# Selective excitation of multipolar spoof plasmons using orbital angular   momentum of light

**Authors:** Takashi Arikawa, Tomoki Hiraoka, Shohei Morimoto, Francois Blanchard,, Shuntaro Tani, Tomoko Tanaka, Kyosuke Sakai, Hiroki Kitajima, Keiji Sasaki, and Koichiro Tanaka

arXiv: 1905.01314 · 2021-08-03

## TL;DR

This paper demonstrates that orbital angular momentum of light can selectively excite multipolar spoof plasmons in solids, revealing new light-matter interaction mechanisms beyond electric dipole transitions.

## Contribution

It provides the first visual evidence of dipole-forbidden multipolar excitations in solids induced by vortex beams, confirming angular momentum transfer in a solid-state system.

## Key findings

- Selective excitation of multipolar spoof plasmons by vortex beams
- Confirmation of angular momentum conservation in solid-state excitations
- Visualization of dipole-forbidden multipolar excitations in a solid

## Abstract

The nature of light-matter interaction is governed by the spatial-temporal structures of a light field and material wavefunctions.
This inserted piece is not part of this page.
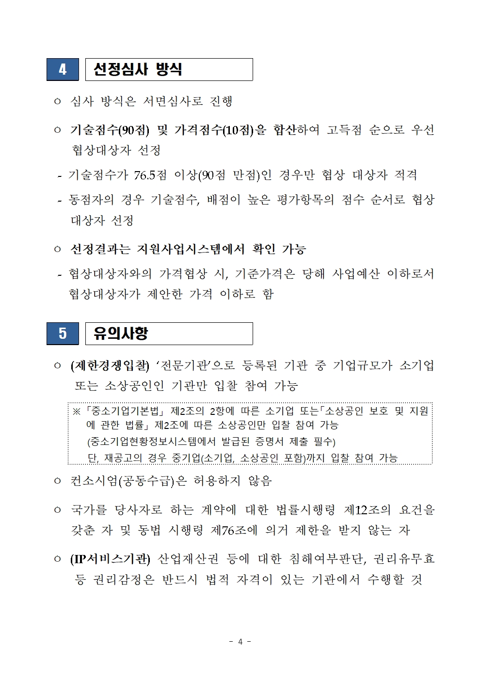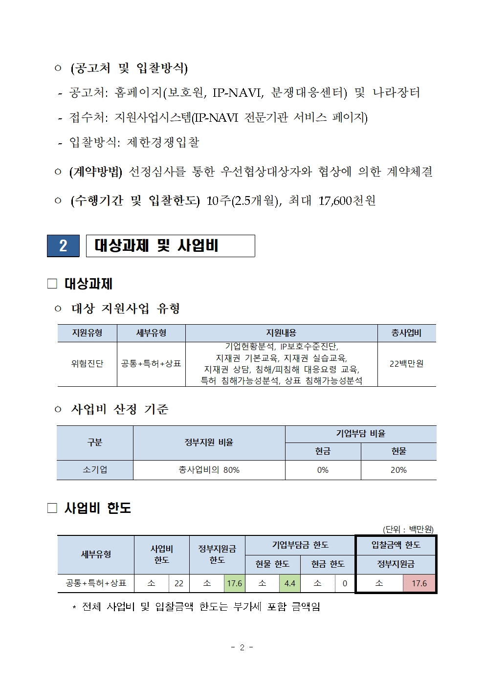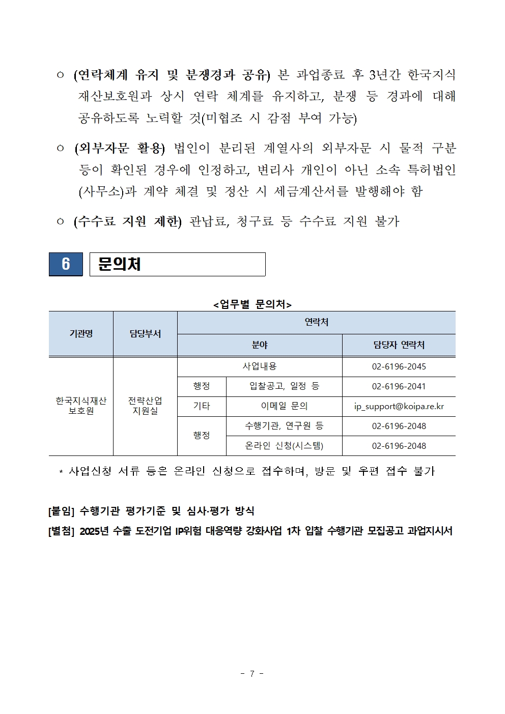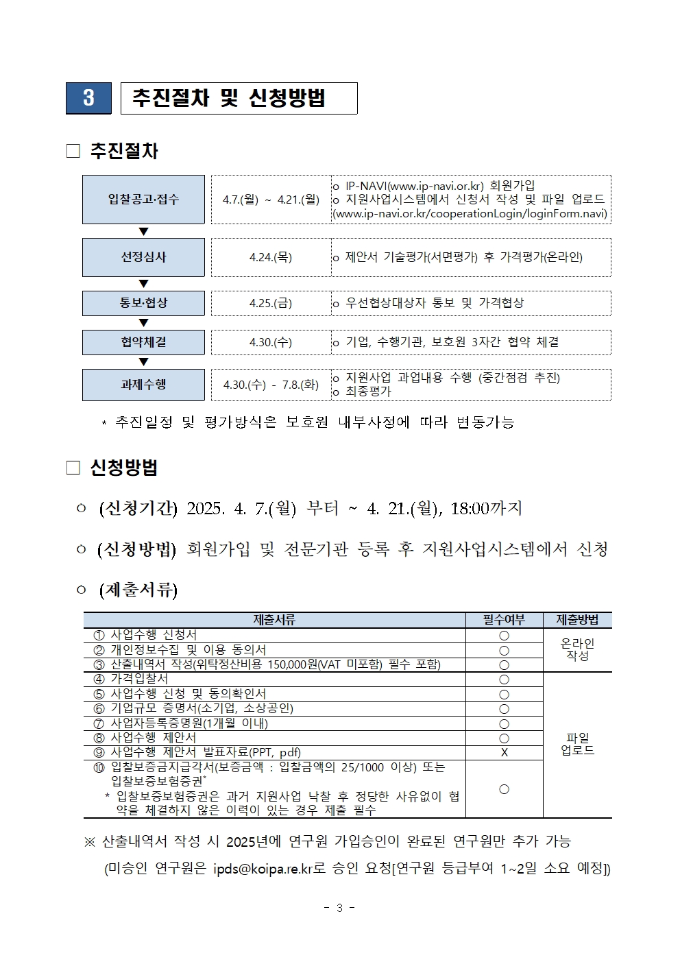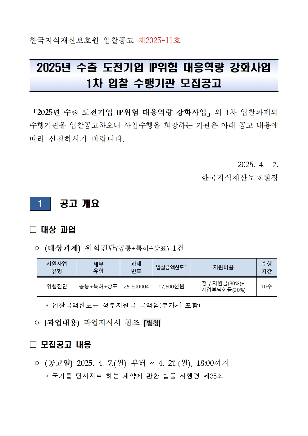 2025년 수출 도전기업 IP위험 대응역량 강화사업 1차 입찰 수행기관 모집공고 2025-04-07 조회수 179 첨부파일 다운로드 [붙임1] 2025년 수출 도전기업 IP위험 대응역량 강화사업 1차 입찰 수행기관 모집공고문.hwp [붙임2] 2025년 수출 도전기업 IP위험 대응역량 강화사업 1차 입찰 수행기관 모집공고 과업지시서.hwp [붙임3] 2025년 수출 도전기업 IP위험 대응역량 강화사업 1차 입찰 수행기관 모집공고 제안요청서.hwp _25년 입찰과제 가격입찰서 양식.hwp _25년 입찰보증금지급각서 양식.hwp

The emergence of the light beam with transverse phase vortex, or equivalently orbital angular momentum (OAM) has been providing intriguing possibilities to induce unconventional optical transitions beyond the framework of the electric dipole interaction. The uniqueness stems from the OAM transfer from light to material, as demonstrated using the bound electron of a single trapped ion. However, many aspects of the vortex light-matter interaction are still unexplored especially in solids with extended electronic states. Here, we unambiguously visualized dipole-forbidden multipolar excitations in a solid-state electron system; spoof localized surface plasmon, selectively induced by the terahertz vortex beam. The results obey the selection rules governed by the conservation of the total angular momentum, which is numerically confirmed by the electromagnetic field analysis. Our results show light's OAM can be efficiently transferred to an elementary excitation in solids.